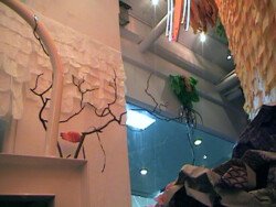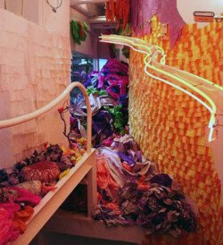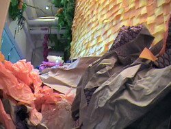 Para esta muestra utilicé, papeles, lisos y estampados, hilo, ramas y cola vinilica. Cubrí paredes, piso, y estanterías con el papel arrugado, atado, plegado o roto.
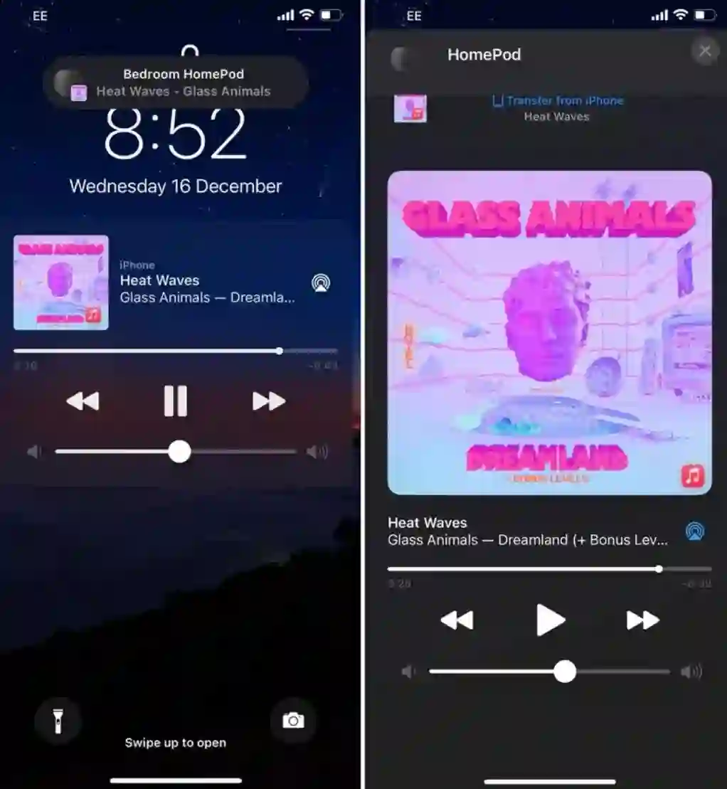 此前版本已经实装的 HomePod mini 与 iPhone 11/12 交互的特性,在此次版本得以全面铺开。当内置 U1 芯片的 iPhone 把正在播放的多媒体投射至 HomePod mini 时,会有视觉、音频和触觉效果。具体来说,当 iPhone 11/12 不断靠近 HomePod mini 时,系统 UI、震动反馈幅度等都会出现改变,这是利用了 U1 芯片感知位置关系的特性所形成的交互。
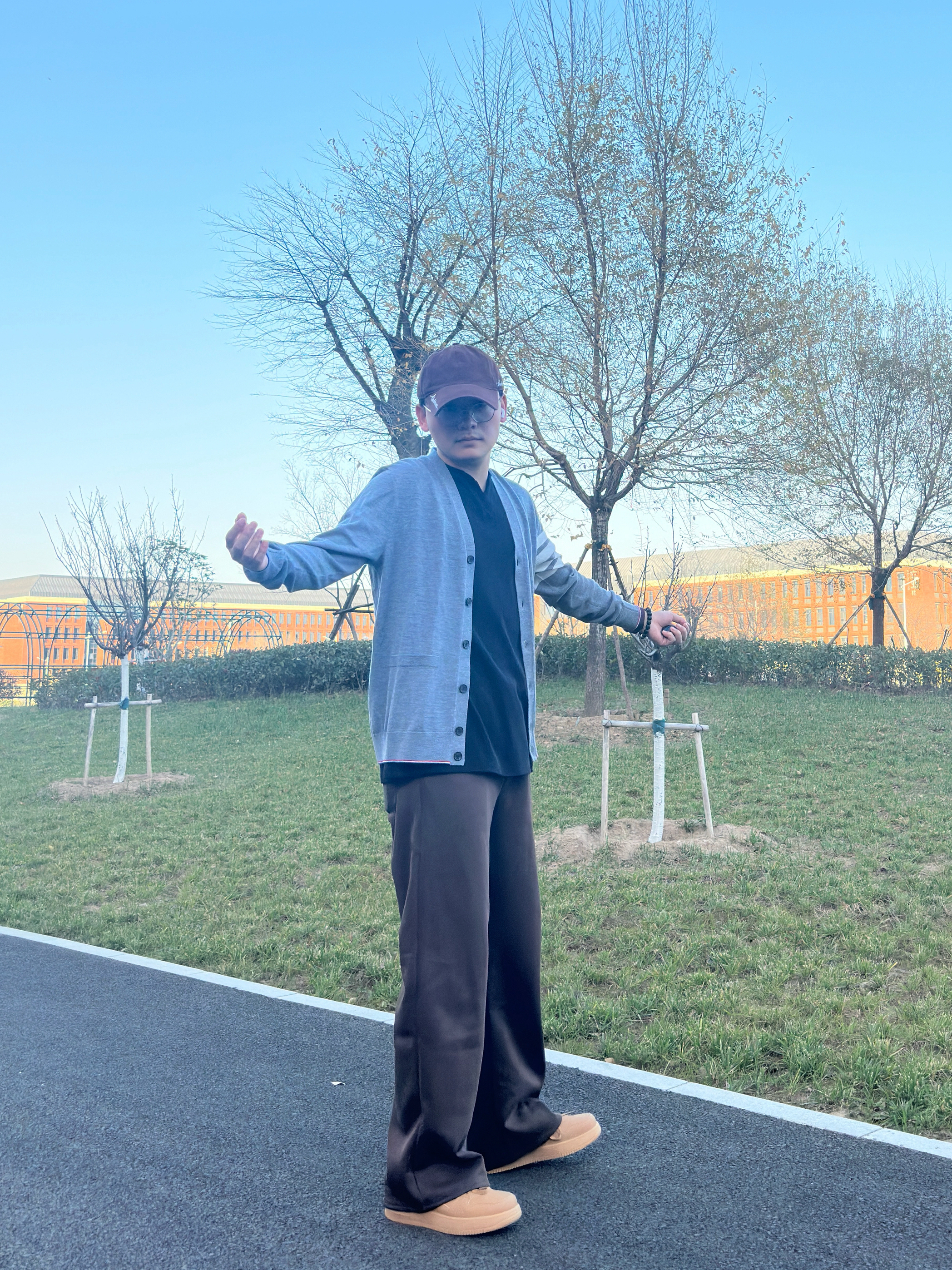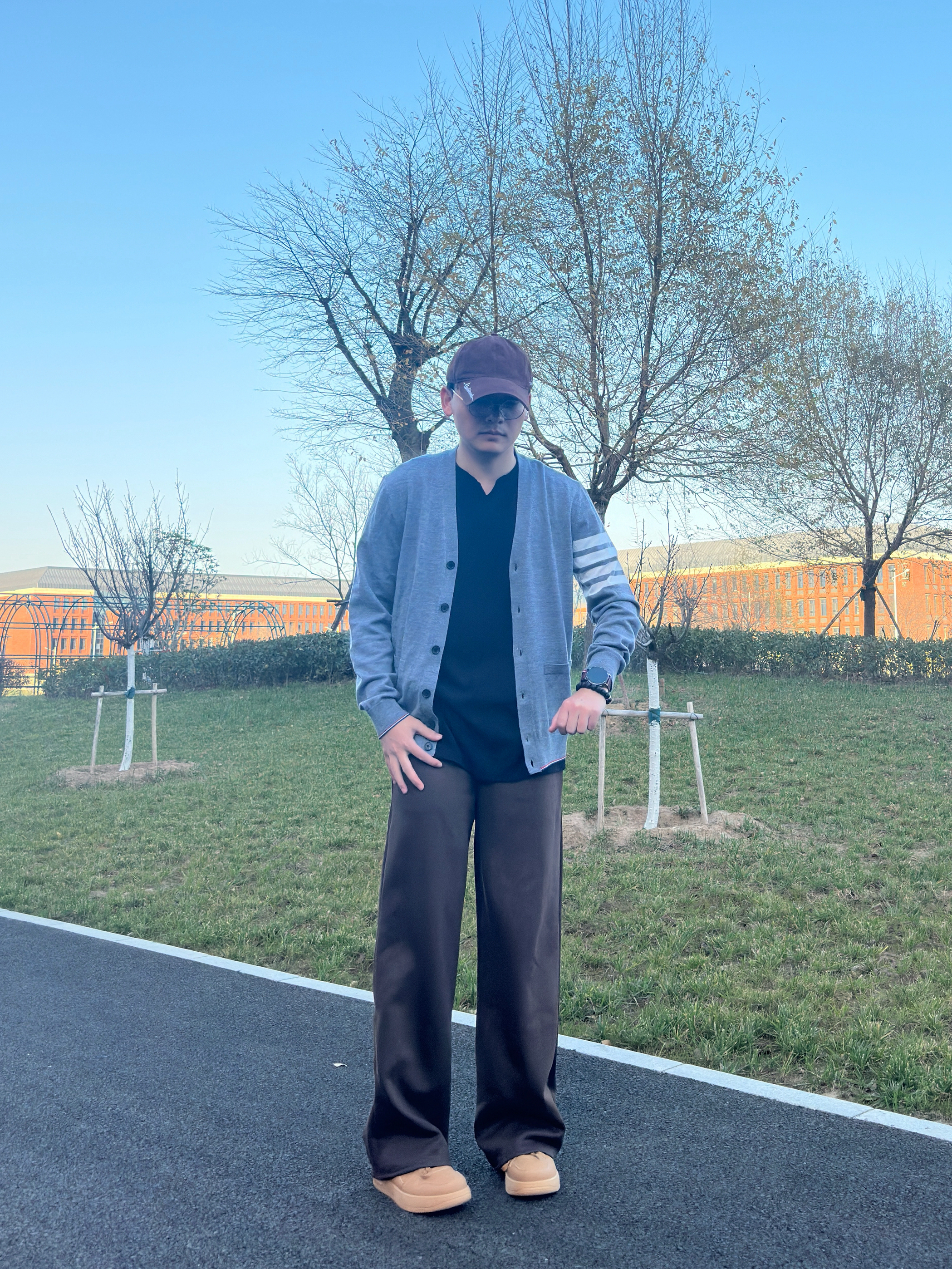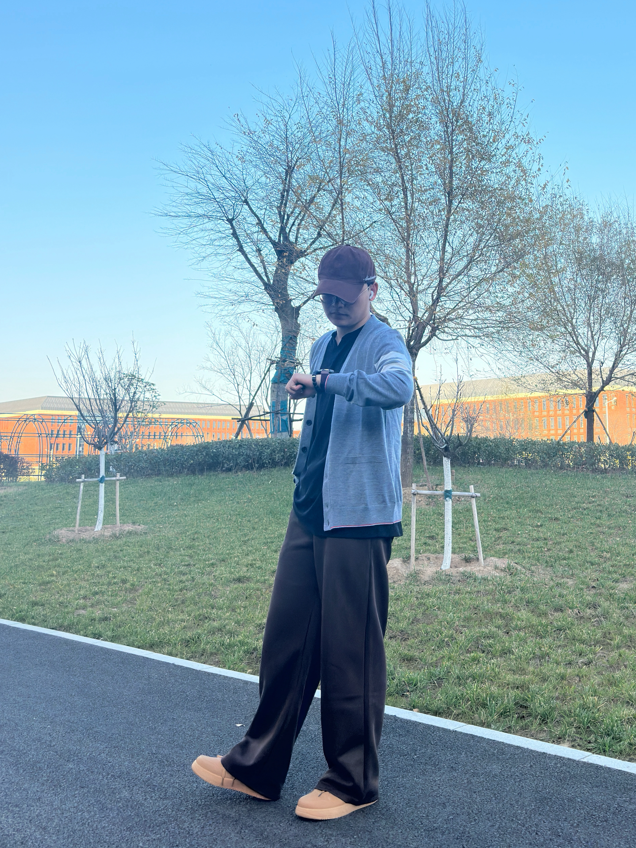 今天这身直接戳中我日常穿搭命门——舒服还能打! 灰开衫的软乎乎是摸得到,袖子三条杠悄悄提了点精致度,敞开穿刚好藏住内搭的小随性👕 棕阔腿裤 ALEXANDRO FRATELLI 板正得体,配焦糖色厚底鞋,把“不费力的高个子”焊在腿上了🦵 整套下来,教室→咖啡角→图书馆无缝切换,暖调配色自带秋日滤镜,连风裹在身上都软乎乎的🍂 不用费脑搭,舒服到想焊在身上,这大概就是早八人的关键词“精致摆烂”
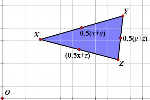 triangle as a vector. Hence, we can label each side as such, where x is the vector extending from O to X, y is the vector extending from O to Y,
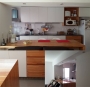 En un apartamento de Pocitos, se nos consulta por una fisura en el muro que divide la cocina del living comedor. La conversación sobre el tratamiento de esta patología (no estructural) con la clienta, derivó en su deseo por una actualización de la cocina. Se propuso una renovación de revestimientos, equipamiento, cambio de aberturas y una integración de la cocina al living comedor, obteniendo un mejor aprovechamiento de los espacios, mayor amplitud, una mejor iluminación natural de los ambientes y un espacio de comedor diario más atractivo.
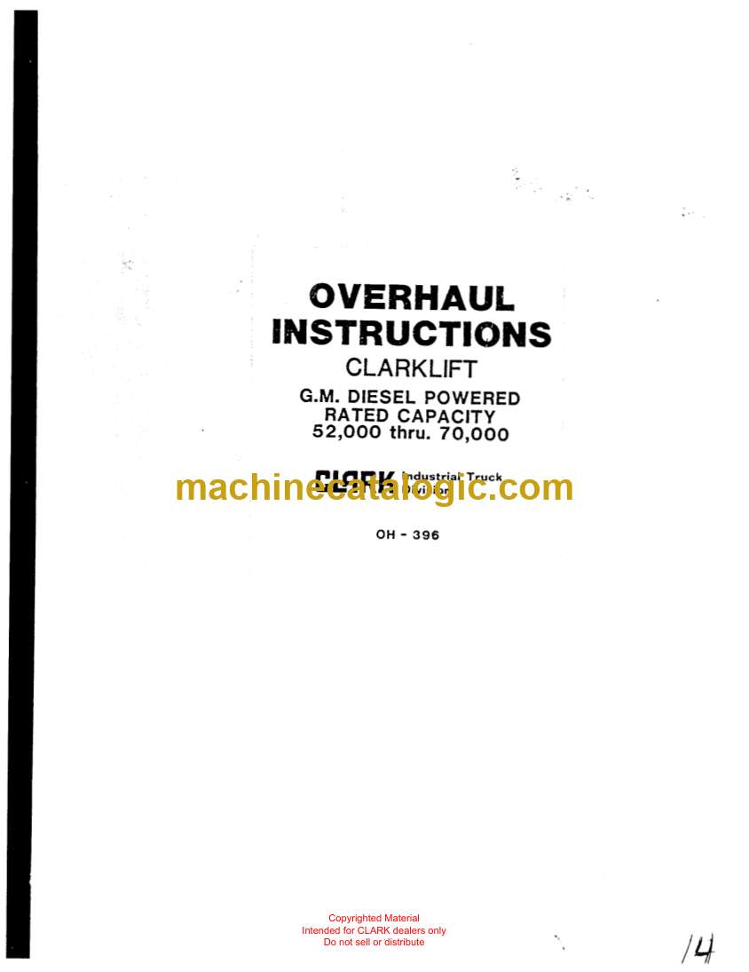 Clark Clarklift G.M. Diesel Powered Overhaul Instructions (OH396)

☆ ☆ ☆ ☆ ☆ ☆ ☆

## PROBLEM TO SOLVE
The whole listing above, word for word: repeat it with the pictures excluded.

## RESULT FOR THIS TASK
 Para esta muestra utilicé, papeles, lisos y estampados, hilo, ramas y cola vinilica. Cubrí paredes, piso, y estanterías con el papel arrugado, atado, plegado o roto.
 此前版本已经实装的 HomePod mini 与 iPhone 11/12 交互的特性,在此次版本得以全面铺开。当内置 U1 芯片的 iPhone 把正在播放的多媒体投射至 HomePod mini 时,会有视觉、音频和触觉效果。具体来说,当 iPhone 11/12 不断靠近 HomePod mini 时,系统 UI、震动反馈幅度等都会出现改变,这是利用了 U1 芯片感知位置关系的特性所形成的交互。
 今天这身直接戳中我日常穿搭命门——舒服还能打! 灰开衫的软乎乎是摸得到,袖子三条杠悄悄提了点精致度,敞开穿刚好藏住内搭的小随性👕 棕阔腿裤 ALEXANDRO FRATELLI 板正得体,配焦糖色厚底鞋,把“不费力的高个子”焊在腿上了🦵 整套下来,教室→咖啡角→图书馆无缝切换,暖调配色自带秋日滤镜,连风裹在身上都软乎乎的🍂 不用费脑搭,舒服到想焊在身上,这大概就是早八人的关键词“精致摆烂”
 triangle as a vector. Hence, we can label each side as such, where x is the vector extending from O to X, y is the vector extending from O to Y,
 En un apartamento de Pocitos, se nos consulta por una fisura en el muro que divide la cocina del living comedor. La conversación sobre el tratamiento de esta patología (no estructural) con la clienta, derivó en su deseo por una actualización de la cocina. Se propuso una renovación de revestimientos, equipamiento, cambio de aberturas y una integración de la cocina al living comedor, obteniendo un mejor aprovechamiento de los espacios, mayor amplitud, una mejor iluminación natural de los ambientes y un espacio de comedor diario más atractivo.
 Clark Clarklift G.M. Diesel Powered Overhaul Instructions (OH396)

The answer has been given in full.